Unexpected key(s) in state_dict: “10.weight”, “10.bias”, “10.running_mean”, “10.running_var”, “10.num_batches_tracked”, “12.weight”, “12.bias”, “14.weight”, “14.bias”, “14.running_mean”, “14.running_var”, “14.num_batches_tracked”, “18.weight”, “18.bias”, “18.running_mean”, “18.running_var”, “18.num_batches_tracked”, “20.weight”, “20.bias”, “22.weight”, “22.bias”, “22.running_mean”, “22.running_var”, “22.num_batches_tracked”, “24.weight”, “24.bias”.

Do you know what these errors mean?

Its basically saying that the model you loaded and the new model don’t share the same parameters, so can’t be directly loaded. when you do learn.load, internally it loads a state dictionary. The “num.bias” that you are seeing is the key and the value is the parameter value. You could do learn.model.load_state_dict(torch.load(path_to_file), strict=False). If that doesn’t work, you will have to create a new dictionary, and remove the keys that are different, and load only the subset of keys which are same.

@TheShadow29 I kept your notebook in my browser tab, to reproduce it with fastai v1 after finishing the course, but seems a lot of changes happened to the framework, and your excellent notebook need some refactoring for the latest version of the fastai.

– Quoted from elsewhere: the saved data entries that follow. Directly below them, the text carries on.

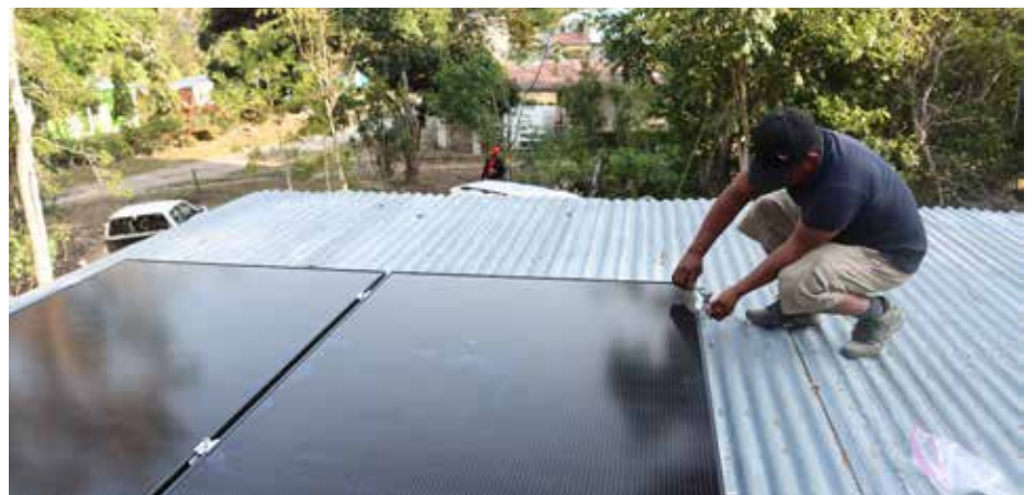
La Cooperativa César Pardo, R.L., ubicada en la comunidad de Boca de Tolú, en el corregimiento de Boca de Tocúe, distrito de Penonomé, es beneficiada con el proyecto de paneles solares.
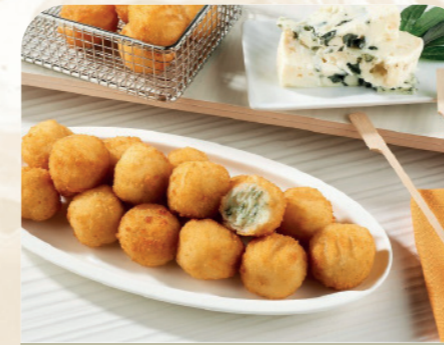
Bocadito de queso azul
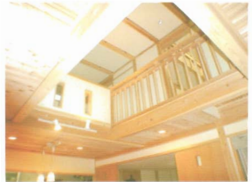
子供達の笑顔に入りキャットウォーク。
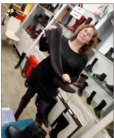
Des cuissardes chez Potern Chaussures.
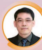
คุณก่อกิจ ด้านชัยวิจิตร รองเลขาธิการ กสทช.

Panel Discussion : "โครงสร้างพื้นฐานโทรคมนาคมกับการขับเคลื่อนประเทศไทยสู่สังคมดิจิทัล"
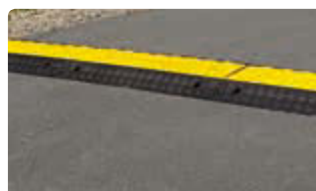
▲ Kabelbrücke BLAIK, 3-fach
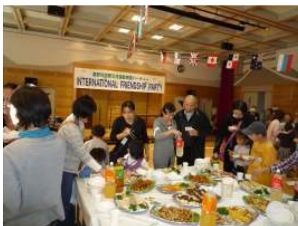
料理を楽しみながら交流 を深める参加者たち
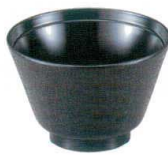
A6807-561 [TA] 3.3寸 布目汁椀 黒 700円 (10.4×6.5cm・230cc) 洗浄機OK 段有
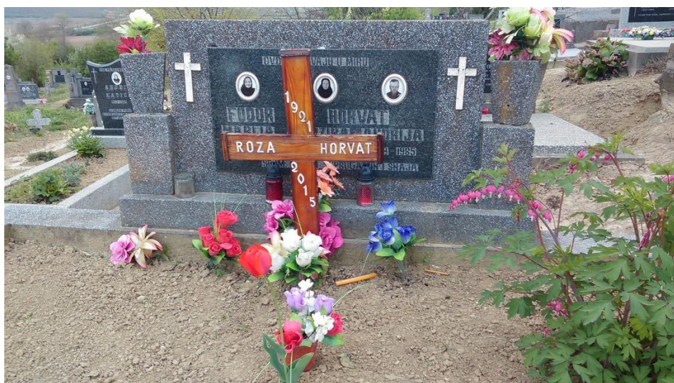
Slika 28a. Katolički nadgrobni spomenik u Sotu. 2017. godine.

Here is how I could import custom Pytorch models into fastai v1.39 if you are interested:
https://forums.fast.ai/t/lesson-5-advanced-discussion/30865/40?u=hwasiti

Yeah, fastai has changed a lot and has a much cleaner structure now. Many things would probably need to be changed. Unfortunately, I don’t have the required bandwidth to refactor at the moment.

@hwasiti
Hey there,
regarding your first concern “how to remove the last fully connected layer from a CNN in fastai to stack more than one CNN into a FC-NN”, have you found any solution?
I am going to create two resnet34 bodies and then, concatenate those into a linear layer results in classification (same as your concern). I was wondering to implement it in fastai and highly appreciated to advice me.
Best,